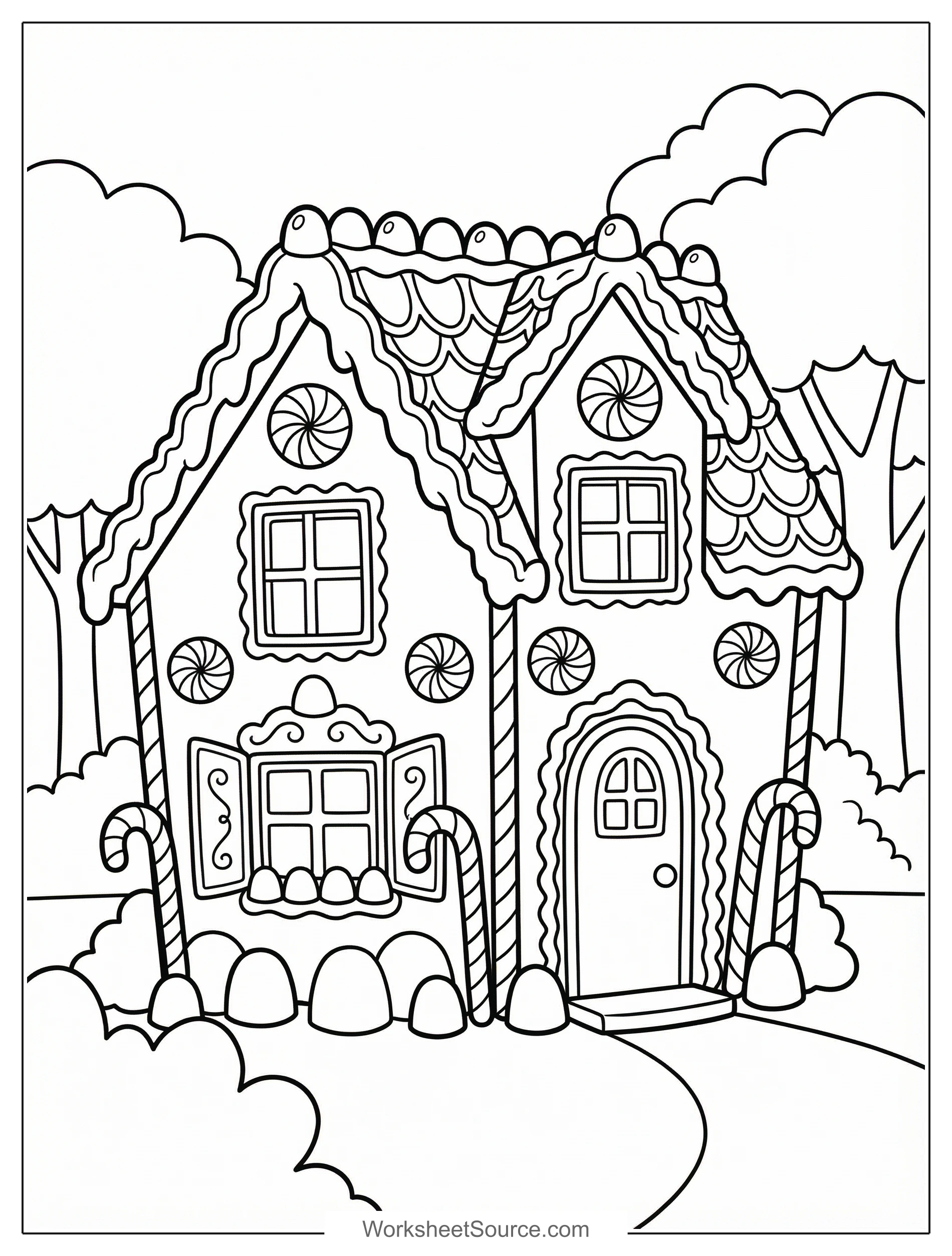 Coloring an Elaborate Gingerbread House coloring page is a joyful way to bring holiday imagination to life, printable and free for busy parents and teachers. Picture the scalloped roof edges, the candy round windows, and the striped candy canes standing guard by the door. Those little details invite discussion about shapes, patterns, and symmetry as children choose colors and create repeating designs. In a classroom center, this page can spark cooperative projects, where small groups pick a color palette and explain their choices. At home, it makes a cozy rainy day activity, perfect for family art time and storytelling about who might live in the house. Try pairing the printable with a short creative writing prompt, have kids name the gingerbread family and describe a day in their life. For a bulletin board display, mount finished pages on colored paper and label them with student titles. This coloring experience blends festive play with observational skills, and it encourages careful coloring, pattern recognition, and confident creative choices.
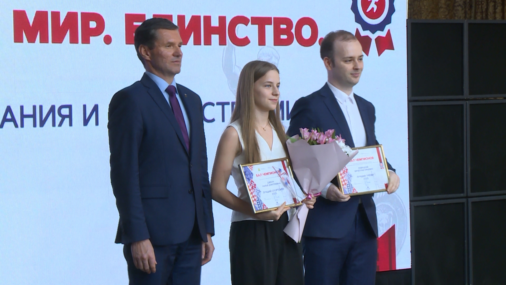 "Рада, что мы с ним разделили с ним эту награду, потому что у нас не большая на самом деле команда в школе, но мы все двигаемся вместе, стараемся. И я всегда рада, когда тренер рад", – делится победительница в номинации "Лучший спортсмен 2025 года" Маргарита Близнякова.
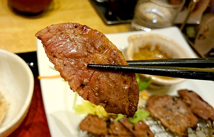 では、特製醤油だれに漬け込んで炭火で焼いたという牛たんをいただきまーーす。
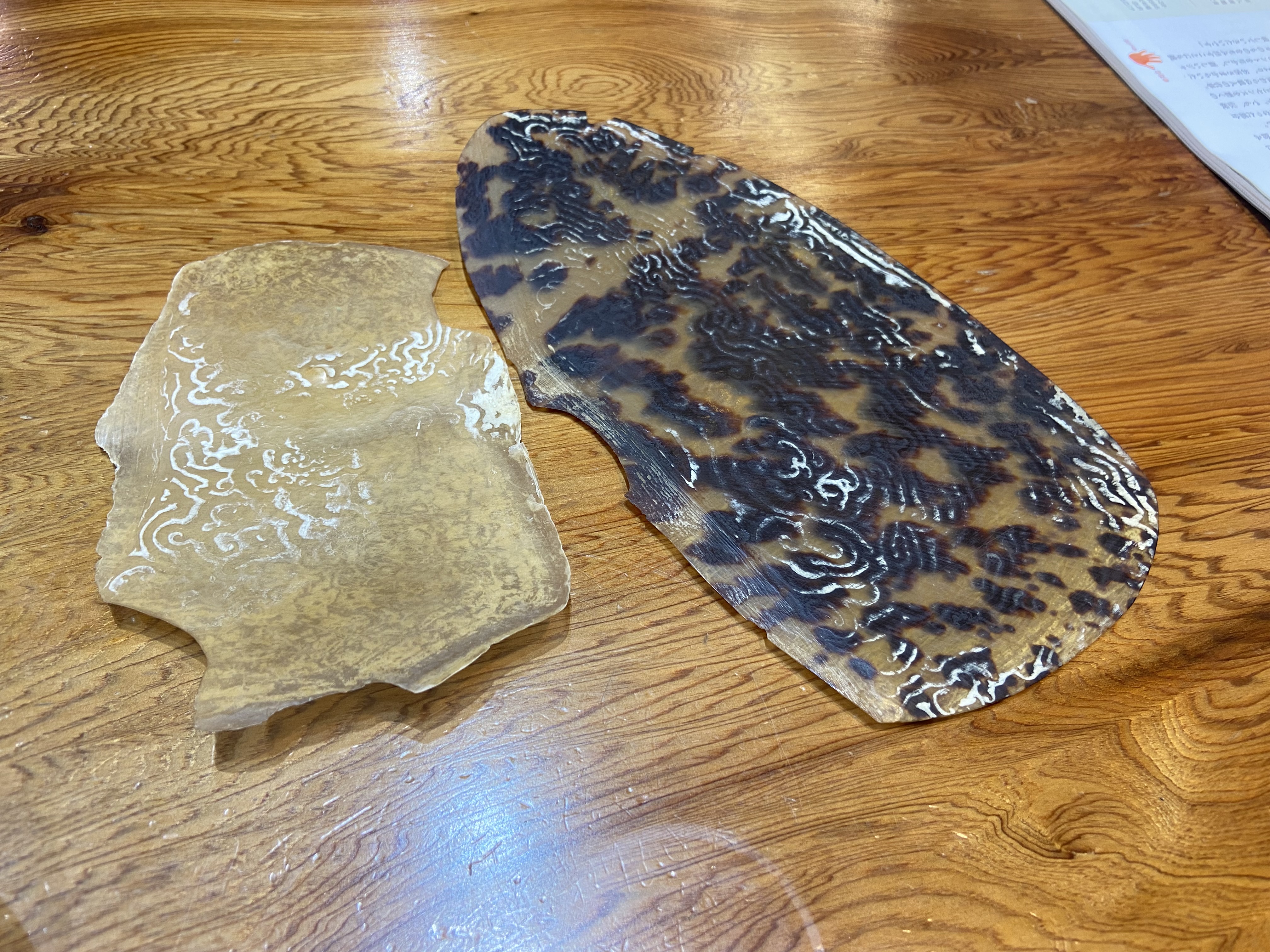 膠質の玳瑁を使うことで、接着剤を使用することなく、水や熱を加えるだけで甲羅同士を貼り合わせることができるため、玳瑁の甲羅を使う必要がある、ということでした。

******************************

§ **What you will do**
Starting at the line that holds "では、特製醤油だれに漬け込んで炭火で焼いたという牛たんをいただきまーーす。", copy each line exactly through the end of the material above, keeping both ends and dropping the pictures.

§ **Your solution**
 では、特製醤油だれに漬け込んで炭火で焼いたという牛たんをいただきまーーす。
 膠質の玳瑁を使うことで、接着剤を使用することなく、水や熱を加えるだけで甲羅同士を貼り合わせることができるため、玳瑁の甲羅を使う必要がある、ということでした。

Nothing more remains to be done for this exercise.